MathCLUE "National High School Mathematics Competition" is introduced: an in-depth assessment of competition-level mathematical reasoning ability in large models. The assessment system covers a number of representative dimensions of high school mathematics, including geometry, algebra and probability statistics.
🔥 Measurement model: DeepSeek-R1 (accessed at chat.deepseek.com)
DeepSeek-R1 Evaluation and Analysis
🔍 DeepSeek-R1 Tops MathCLUE's National High School Math Contest List
DeepSeek-R1 topped the national high school math competition evaluation list with an excellent score of 87.31 points, significantly ahead of the world's top model o1 nearly 10 points, compared to DeepSeek-R1-Lite-Preview to improve 26.12 points, its overall score increased substantially, mathematical reasoning and problem solving ability to reach a new height.

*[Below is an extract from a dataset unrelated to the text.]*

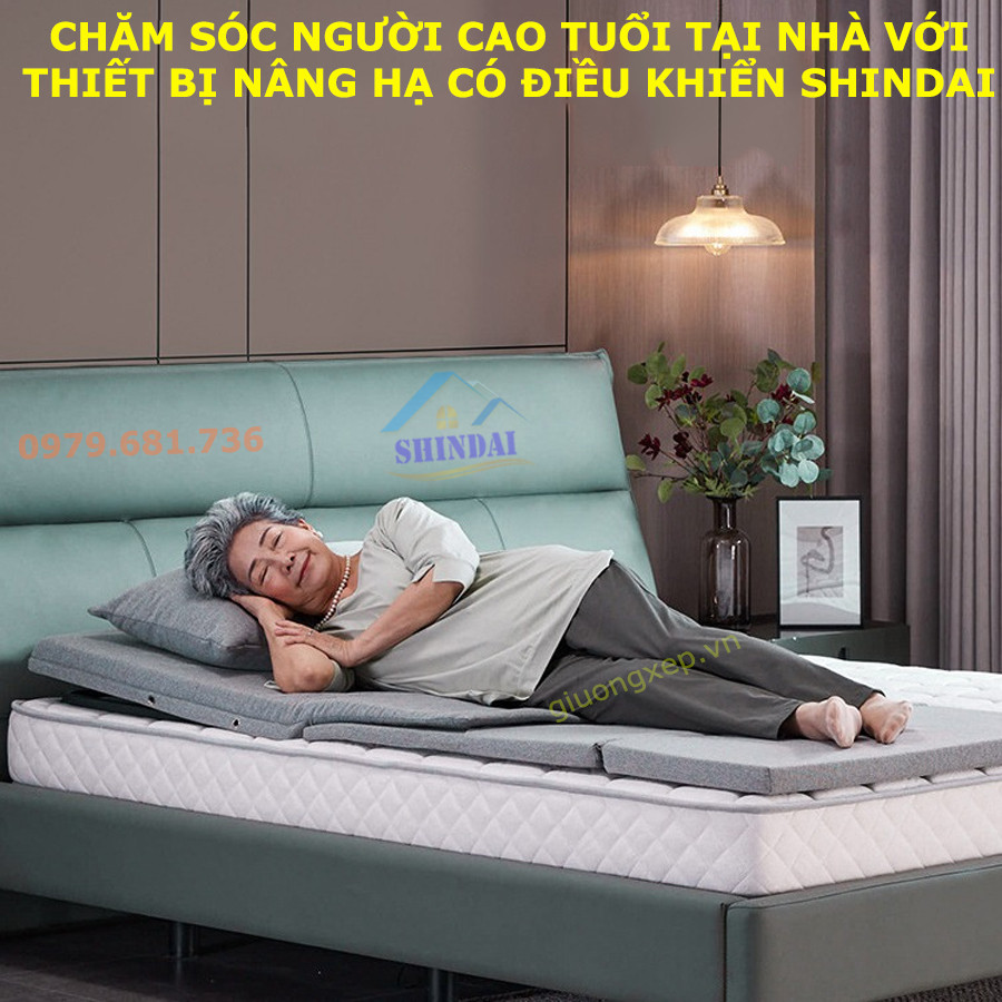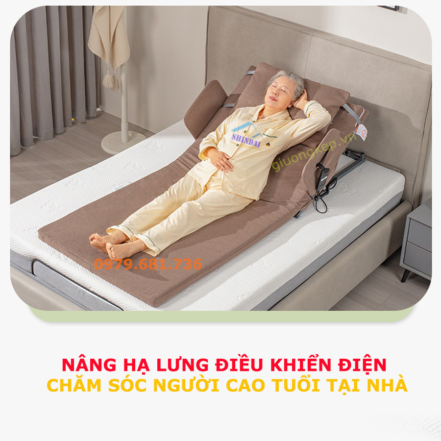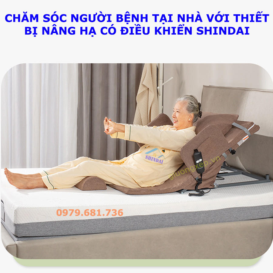 thiết bị nâng lưng, chăm sóc người thân, hỗ trợ bệnh nhân, thiết bị giường bệnh, giường bệnh thông minh, shindai vietnam, người già yếu, nâng hạ tự động, giường chăm sóc,

Meanwhile, the results of Qwen2.5-Max "National High School Math Contest" are out! Failed to meet expectations, with reasons
🔥 Assessment model: Qwen2.5-Max
Call the official API version name: qwen-max-2025-01-25
Qwen2.5-Max Evaluation and Analysis
🔍Qwen2.5-Max still has some room for improvement on the MathCLUE list
Qwen2.5-Max scored 33.58 points and ranked 9th in the National High School Mathematics Competition, ahead of famous overseas models. Claude 3.5 Sonnet (20241022) 15.67 points, but still has some room for improvement (with a gap of more than 30 points) compared to the headline big models at home and abroad.
For the performance of this model, we analyzed its wrong questions in depth. It is found that the model omits the solution process and gives wrong answers directly on some puzzles, and this assessment is only based on the final answers, which may be the main reason for its low score.
Reviews
MathCLUE National High School Math Competition Review Set. Covers questions from the 2024 National High School Mathematics Competition and develops a rigorous assessment of the Big Model.
Methodology
The method of determining whether the final answer in the response matches the reference answer for the macromodel's response on the assessment task to confirm the macromodel's rate of correctness (correct or incorrect) on a question achieves complete objectivity in assessment.